Time Well Spent-Toilet Version


Several years ago, during a visit to the community of Yana Rumy, in Cuchumuela, Bolivia, to celebrate the groundbreaking for household toilet constructions, I needed to go to the bathroom myself.  I asked Liboria, the closest woman to me, if she would show me where she went to the bathroom so I could use it.  We scurried uphill from the adobe homes for a good ten minutes until we were well-hidden in the pine forests that surround the community.  I was able to do my deed in the privacy of the woods, and scramble back downhill.
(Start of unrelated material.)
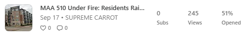 This market resolves YES if my Substack post, titled "MAA 510 Under Fire: Residents Raise Alarms Over Safety, Cleanliness, and Management" surpasses 260 unique views on or before 11:59 PM UTC on September 24th, 2025.

Twenty minutes round trip to go pee.  I pee several times a day, as do most humans, meaning Liboria and other women in Yana Rumy were potentially spending hours just walking to go pee.  There are over 120 million people in Latin America who don’t have a toilet –meaning billions of hours are spent looking for places to go, especially for women.  Not time well spent. 

 

I am with Liboria again this week in Ecuador, where Water For People-Bolivia and her community are receiving a prize for the toilet-based business that sprung up from that initial toilet construction several years ago.  The composting toilets that Liboria and her neighbors built-with a little help from Water For People and the local government- now save them that 20 minute trip to go to the bathroom and provide a safe, clean, private place to take care of their basic needs.  But on top of that, they have managed to find a way to re-use the liquid wastes from the toilets in an income generating activity.  Fermented urine is used as a fertilizer on pine saplings, which are then planted in those surrounding hills that used to serve as the community toilet. Under those pine trees grow a type of shitake mushroom that is highly demanded in Bolivia and surrounding countries.  The going rate for a pound of potatoes is one Boliviano –the equivalent of $0.15.  But a pound of these ‘shrooms go for FORTY times as much at forty Bolivianos (just under $6USD). 

 

Instead of scrambling up and down steep paths to go the bathroom, Liboria now can spend time collecting and packaging a source of income for her and her family.  Time very well spent-so well that today she is representing her community at an international event to honor their creative, innovative solution. 

 
Liboria explaining how they use fermented urine for fertilizer to grow more pine trees to have more mushrooms to harvest.
 
Water For People and partners with the IDB/FEMSA prize for Innovative Sanitation Programs. 

1 comment:

Nina Miller said...

Great story, Kate! The toilet angle on time is undeniable but somehow it never fully occurred to me til just now that -- while you can delegate your water collection -- you have to spend your own time peeing! -- which is why everyone, everywhere needs a toilet! Thanks for the reminder.